Problem statement -
Because the entries hold pictures, reproduce only their words, exactly as written.

Data extracted from a collection -
Content starts
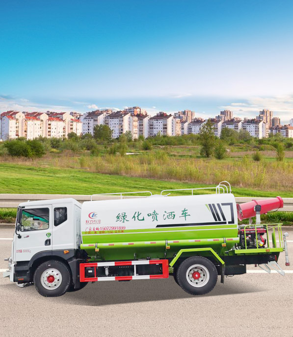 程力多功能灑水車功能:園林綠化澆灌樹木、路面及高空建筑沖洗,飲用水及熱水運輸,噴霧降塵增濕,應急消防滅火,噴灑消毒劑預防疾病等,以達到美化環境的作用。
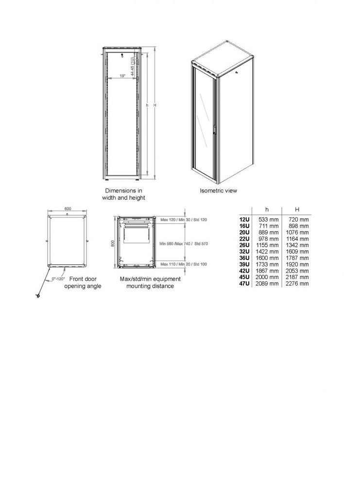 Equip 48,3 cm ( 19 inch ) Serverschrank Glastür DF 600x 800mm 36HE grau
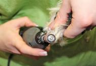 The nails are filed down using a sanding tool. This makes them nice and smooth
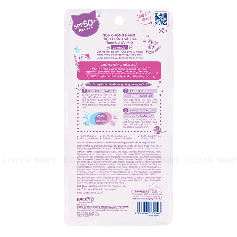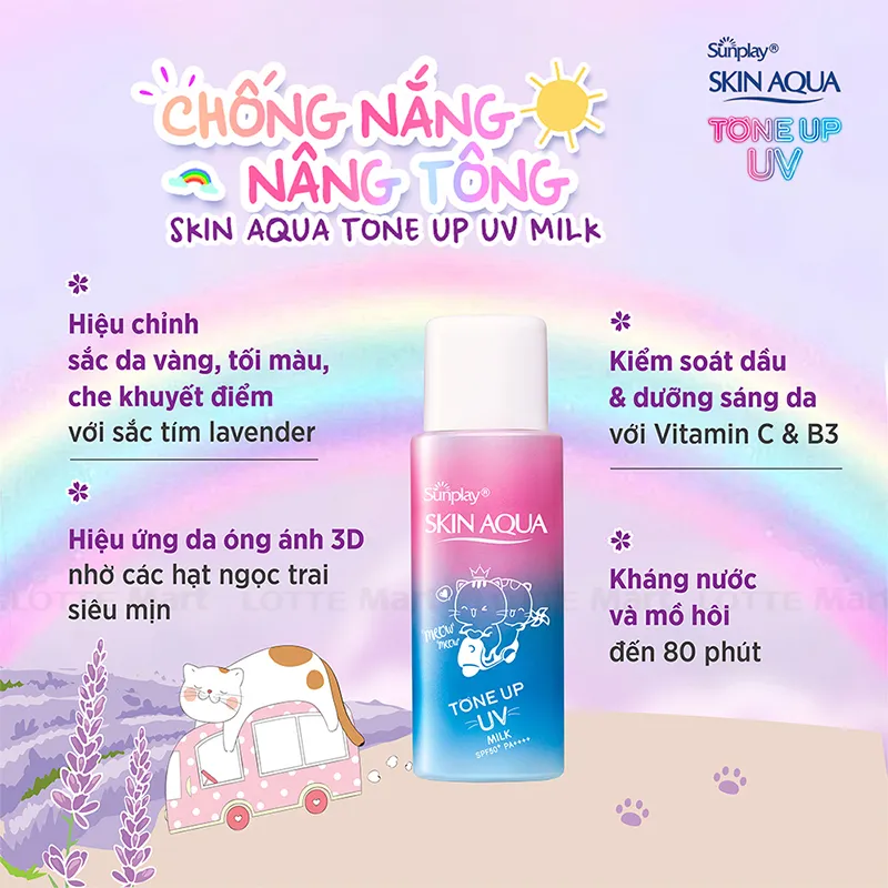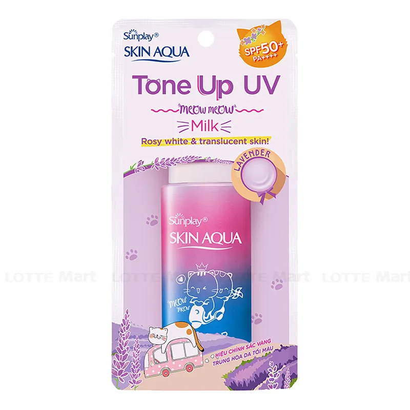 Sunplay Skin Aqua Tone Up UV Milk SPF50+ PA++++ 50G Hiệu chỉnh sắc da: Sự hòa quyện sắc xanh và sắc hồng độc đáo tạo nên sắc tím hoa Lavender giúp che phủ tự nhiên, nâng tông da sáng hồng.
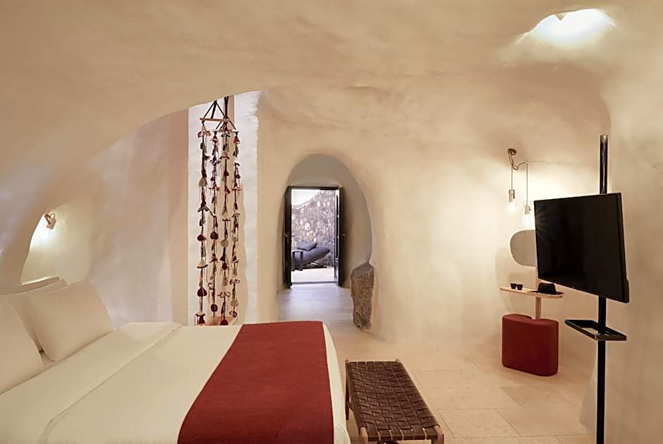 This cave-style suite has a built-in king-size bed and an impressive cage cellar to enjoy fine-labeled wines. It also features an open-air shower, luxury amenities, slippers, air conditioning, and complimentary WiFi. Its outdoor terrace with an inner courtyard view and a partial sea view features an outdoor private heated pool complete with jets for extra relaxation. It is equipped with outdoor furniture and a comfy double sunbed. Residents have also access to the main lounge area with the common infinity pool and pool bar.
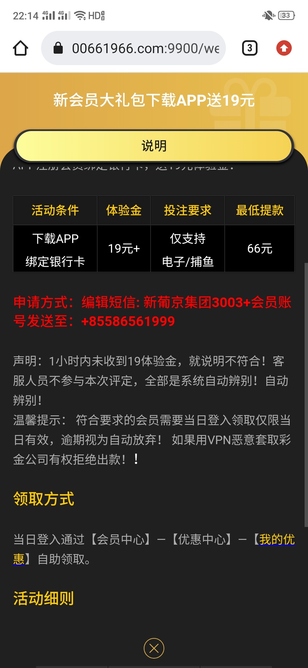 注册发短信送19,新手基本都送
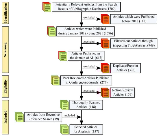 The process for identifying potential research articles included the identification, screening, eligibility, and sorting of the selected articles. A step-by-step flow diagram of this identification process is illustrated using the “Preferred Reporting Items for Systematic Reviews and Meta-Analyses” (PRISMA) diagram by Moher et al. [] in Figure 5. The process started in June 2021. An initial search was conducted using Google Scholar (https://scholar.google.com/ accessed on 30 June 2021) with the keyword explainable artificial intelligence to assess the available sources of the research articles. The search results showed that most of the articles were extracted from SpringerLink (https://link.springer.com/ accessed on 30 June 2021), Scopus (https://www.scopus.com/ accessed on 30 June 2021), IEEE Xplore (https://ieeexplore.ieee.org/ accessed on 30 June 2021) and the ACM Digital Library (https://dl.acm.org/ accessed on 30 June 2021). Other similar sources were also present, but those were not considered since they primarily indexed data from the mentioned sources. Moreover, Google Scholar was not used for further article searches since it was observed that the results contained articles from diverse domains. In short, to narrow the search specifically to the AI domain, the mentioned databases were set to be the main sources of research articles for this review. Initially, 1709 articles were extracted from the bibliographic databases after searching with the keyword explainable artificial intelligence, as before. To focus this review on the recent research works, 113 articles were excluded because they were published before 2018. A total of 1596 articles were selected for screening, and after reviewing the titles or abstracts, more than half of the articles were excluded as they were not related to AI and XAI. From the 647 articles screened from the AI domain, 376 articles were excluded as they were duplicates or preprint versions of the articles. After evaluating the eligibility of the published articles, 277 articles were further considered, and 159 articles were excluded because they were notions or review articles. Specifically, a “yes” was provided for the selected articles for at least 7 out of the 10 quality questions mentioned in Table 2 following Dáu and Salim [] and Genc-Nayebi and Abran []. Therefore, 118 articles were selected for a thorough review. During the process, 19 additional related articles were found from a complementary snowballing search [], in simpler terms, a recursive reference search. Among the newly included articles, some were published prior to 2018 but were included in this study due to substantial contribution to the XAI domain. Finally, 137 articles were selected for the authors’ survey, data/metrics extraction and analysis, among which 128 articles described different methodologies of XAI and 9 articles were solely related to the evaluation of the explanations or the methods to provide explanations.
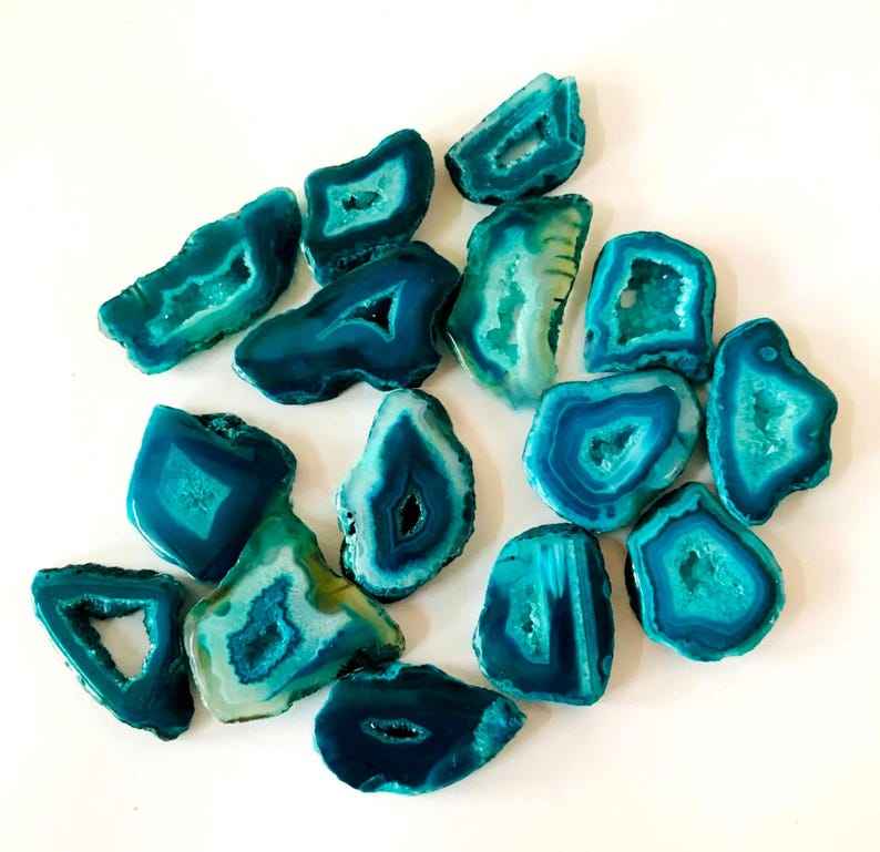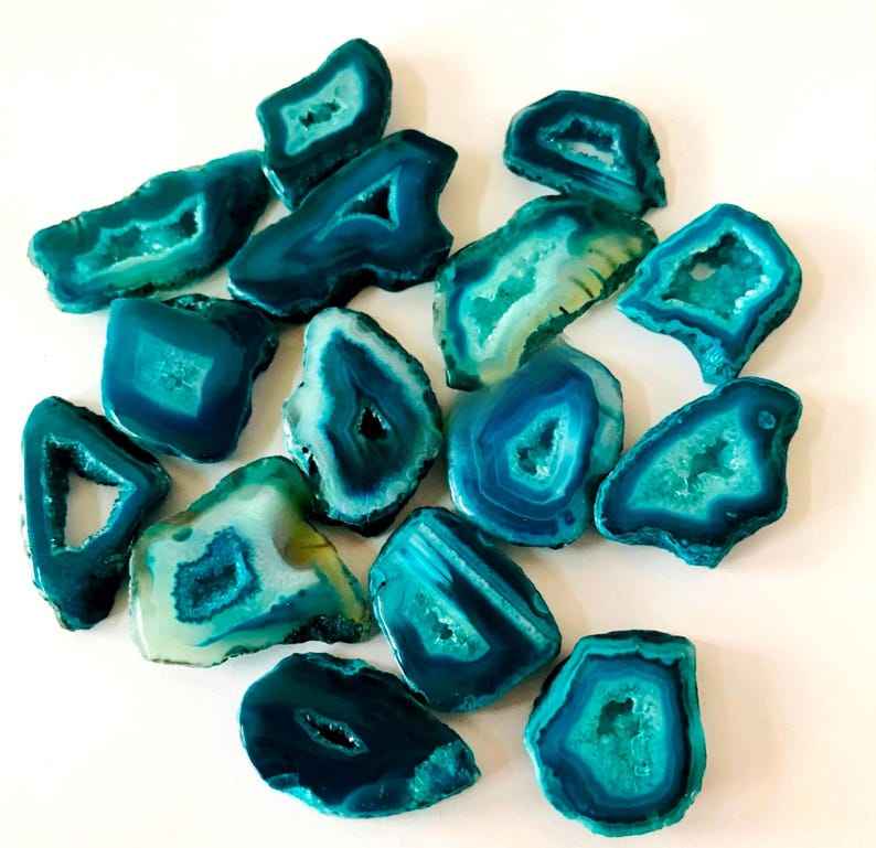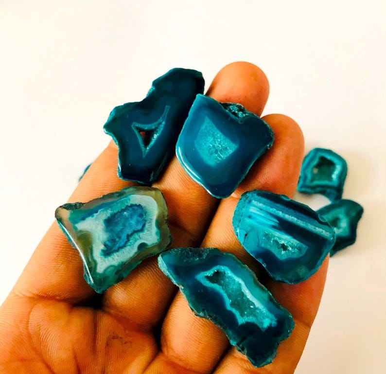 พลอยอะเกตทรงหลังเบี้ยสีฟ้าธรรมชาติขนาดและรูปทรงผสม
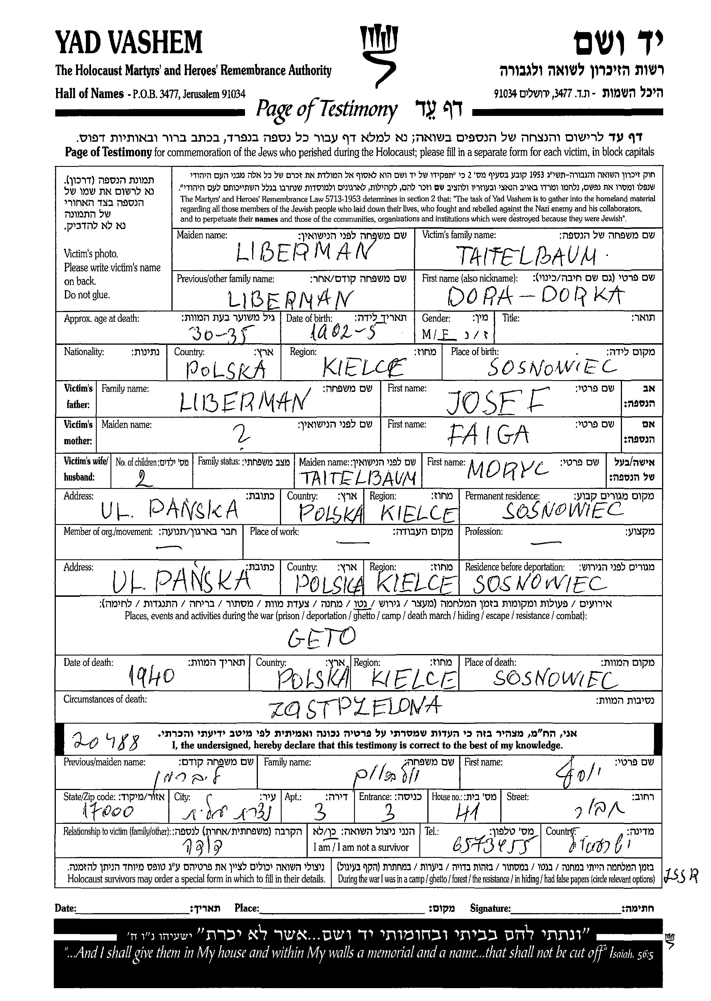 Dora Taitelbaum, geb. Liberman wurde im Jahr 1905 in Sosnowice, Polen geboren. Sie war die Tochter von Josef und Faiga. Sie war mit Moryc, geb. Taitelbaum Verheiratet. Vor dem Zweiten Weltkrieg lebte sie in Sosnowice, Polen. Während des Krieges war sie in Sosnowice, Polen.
Content ends
Response below -
 程力多功能灑水車功能:園林綠化澆灌樹木、路面及高空建筑沖洗,飲用水及熱水運輸,噴霧降塵增濕,應急消防滅火,噴灑消毒劑預防疾病等,以達到美化環境的作用。
 Equip 48,3 cm ( 19 inch ) Serverschrank Glastür DF 600x 800mm 36HE grau
 The nails are filed down using a sanding tool. This makes them nice and smooth
 Sunplay Skin Aqua Tone Up UV Milk SPF50+ PA++++ 50G Hiệu chỉnh sắc da: Sự hòa quyện sắc xanh và sắc hồng độc đáo tạo nên sắc tím hoa Lavender giúp che phủ tự nhiên, nâng tông da sáng hồng.
 This cave-style suite has a built-in king-size bed and an impressive cage cellar to enjoy fine-labeled wines. It also features an open-air shower, luxury amenities, slippers, air conditioning, and complimentary WiFi. Its outdoor terrace with an inner courtyard view and a partial sea view features an outdoor private heated pool complete with jets for extra relaxation. It is equipped with outdoor furniture and a comfy double sunbed. Residents have also access to the main lounge area with the common infinity pool and pool bar.
 注册发短信送19,新手基本都送
 The process for identifying potential research articles included the identification, screening, eligibility, and sorting of the selected articles. A step-by-step flow diagram of this identification process is illustrated using the “Preferred Reporting Items for Systematic Reviews and Meta-Analyses” (PRISMA) diagram by Moher et al. [] in Figure 5. The process started in June 2021. An initial search was conducted using Google Scholar (https://scholar.google.com/ accessed on 30 June 2021) with the keyword explainable artificial intelligence to assess the available sources of the research articles. The search results showed that most of the articles were extracted from SpringerLink (https://link.springer.com/ accessed on 30 June 2021), Scopus (https://www.scopus.com/ accessed on 30 June 2021), IEEE Xplore (https://ieeexplore.ieee.org/ accessed on 30 June 2021) and the ACM Digital Library (https://dl.acm.org/ accessed on 30 June 2021). Other similar sources were also present, but those were not considered since they primarily indexed data from the mentioned sources. Moreover, Google Scholar was not used for further article searches since it was observed that the results contained articles from diverse domains. In short, to narrow the search specifically to the AI domain, the mentioned databases were set to be the main sources of research articles for this review. Initially, 1709 articles were extracted from the bibliographic databases after searching with the keyword explainable artificial intelligence, as before. To focus this review on the recent research works, 113 articles were excluded because they were published before 2018. A total of 1596 articles were selected for screening, and after reviewing the titles or abstracts, more than half of the articles were excluded as they were not related to AI and XAI. From the 647 articles screened from the AI domain, 376 articles were excluded as they were duplicates or preprint versions of the articles. After evaluating the eligibility of the published articles, 277 articles were further considered, and 159 articles were excluded because they were notions or review articles. Specifically, a “yes” was provided for the selected articles for at least 7 out of the 10 quality questions mentioned in Table 2 following Dáu and Salim [] and Genc-Nayebi and Abran []. Therefore, 118 articles were selected for a thorough review. During the process, 19 additional related articles were found from a complementary snowballing search [], in simpler terms, a recursive reference search. Among the newly included articles, some were published prior to 2018 but were included in this study due to substantial contribution to the XAI domain. Finally, 137 articles were selected for the authors’ survey, data/metrics extraction and analysis, among which 128 articles described different methodologies of XAI and 9 articles were solely related to the evaluation of the explanations or the methods to provide explanations.
 พลอยอะเกตทรงหลังเบี้ยสีฟ้าธรรมชาติขนาดและรูปทรงผสม
 Dora Taitelbaum, geb. Liberman wurde im Jahr 1905 in Sosnowice, Polen geboren. Sie war die Tochter von Josef und Faiga. Sie war mit Moryc, geb. Taitelbaum Verheiratet. Vor dem Zweiten Weltkrieg lebte sie in Sosnowice, Polen. Während des Krieges war sie in Sosnowice, Polen.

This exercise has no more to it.